Example: An Enterprise with a Few Departments

First of all, let us look at the problem at hand. We will use a classic example to illustrate an LDAP application: a directory of employees. Note that this is a widely used LDAP application, but it is not the only one. We will see other applications later in this book.

Let us assume that we have an enterprise named ldap_abc. To simplify, let this enterprise work in only one country. The enterprise ldap_abc has a number of departments, and a certain number of people work in each department. Our goal is to find the phone number of a certain employee, knowing surname and given name. For now, we will not concentrate much on the overall design. This aspect will be treated in Chapter 9. This chapter is only intended to give a quick overview of what you can do with LDAP. Nor will we care about performance or more sophisticated queries, such as finding a Mr. Smith working in Australia whose given name begins with A and who does not have a fax. Be patient, we will address these and other arguments later.
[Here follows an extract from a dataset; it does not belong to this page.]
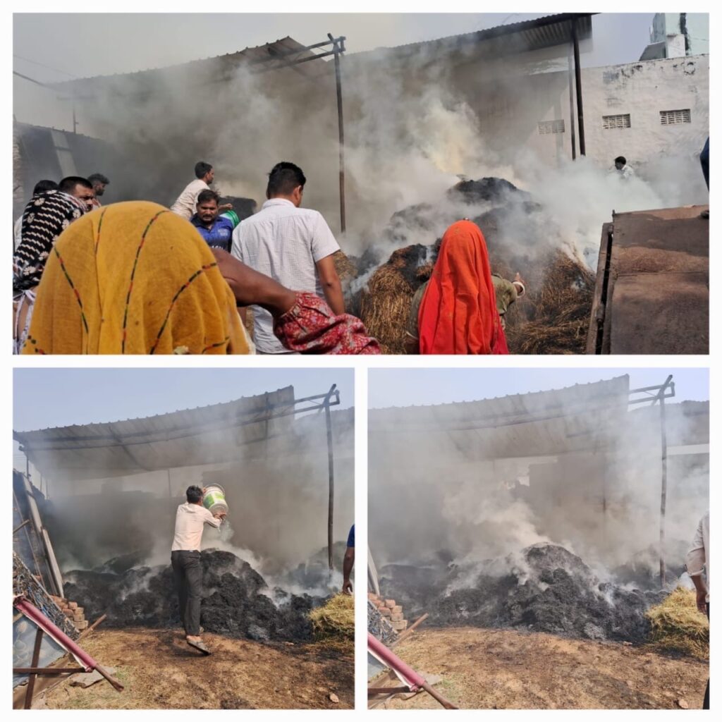 अजमेर। नसीराबाद के निकटवर्ती ग्राम देरांठू के ढाबा मौहल्ला स्थित गजमल जाट के बाड़े में अचानक आग लग गई। आग की लपटें देख ग्रामीण तुरन्त घरों से पानी ला लाकर आग पर काबू पाया। वहीं दमकल को सूचना करने पर समय पर दमकल नहीं पहुंची। आग से किसान की बाड़े में रखी कई ट्राली चारा जलकर राख हो गया। ग्रामीणों ने मौके पर पहुंच कर आग पर काबू पाया अन्यथा अन्य पास में बने बाड़े भी आग की चपेट में आ सकते थे । इस बार ज्यादा बारिश के कारण किसानों के इस बार चारा नहीं के बराबर हुआ है। वहीं बाड़े में रखे चारे में आग लगने से किसान के दोहरी मार पड़ गई है। ग्रामीणों ने प्रशासन से ग्रामीण किसान को हुई हानि का उचित मुआवजा दिलवाने की मांग की है।
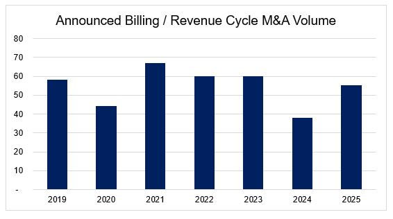 Announced RCM M&A transactions volumes have declined somewhat in recent quarters, alongside softness across much of the healthcare M&A market, but remain relatively strong compared to some sub-sectors. Announced deal volume peaked in late 2021 and remained elevated through 2023 before declining in 2024 and returning to near peak levels in 2025.

The first job on our to-do list is to reproduce the hierarchical structure of our enterprise in the tree structure in LDAP. The root of this treelike data structure defines the "namespace" within which we will work. Now you may well ask, "What is our tree made of?" The answer is that the tree is made of objects. Exhibit 1 shows a small part of the tree.
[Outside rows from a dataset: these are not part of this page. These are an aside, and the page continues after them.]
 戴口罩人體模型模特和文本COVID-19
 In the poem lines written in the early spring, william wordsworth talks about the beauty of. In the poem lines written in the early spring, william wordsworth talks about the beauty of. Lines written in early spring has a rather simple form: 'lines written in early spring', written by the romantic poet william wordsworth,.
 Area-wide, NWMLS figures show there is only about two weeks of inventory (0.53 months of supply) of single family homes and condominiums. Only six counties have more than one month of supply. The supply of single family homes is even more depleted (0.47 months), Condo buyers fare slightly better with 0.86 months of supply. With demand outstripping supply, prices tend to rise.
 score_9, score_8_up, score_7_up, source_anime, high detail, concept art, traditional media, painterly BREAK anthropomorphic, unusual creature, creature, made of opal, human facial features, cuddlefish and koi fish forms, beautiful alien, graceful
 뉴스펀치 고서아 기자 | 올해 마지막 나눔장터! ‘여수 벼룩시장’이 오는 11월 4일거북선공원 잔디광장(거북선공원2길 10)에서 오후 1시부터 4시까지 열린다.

Exhibit 1: Example Directory Tree

Looking at Exhibit 1, you may wonder what o=1dap_abc.de and the other abbreviations mean. We will discuss this in Chapter 3 when we look at the theory behind LDAP. For now it is enough to know that o stands for organization, ou for organizational unit and cn for common name, i.e., surname. All these abbreviations must be declared in the schema defining the data structures the directory can hold.

Now let us have a look at the individual objects: The root of the tree is the enterprise itself, ldap_abc. The root branches out into individual departments. To simplify the discussion, we will limit ourselves to four: Marketing, Sales, Research, and IT. Note that every department is one object, as is the root element. What is missing now are the employees. Every employee is an object under the corresponding department.

In developing our design, we learned that the LDAP database is organized in a tree structure of objects. This tree spans the namespace we are moving in. Now that we have completed our design, we can proceed to implement the single objects.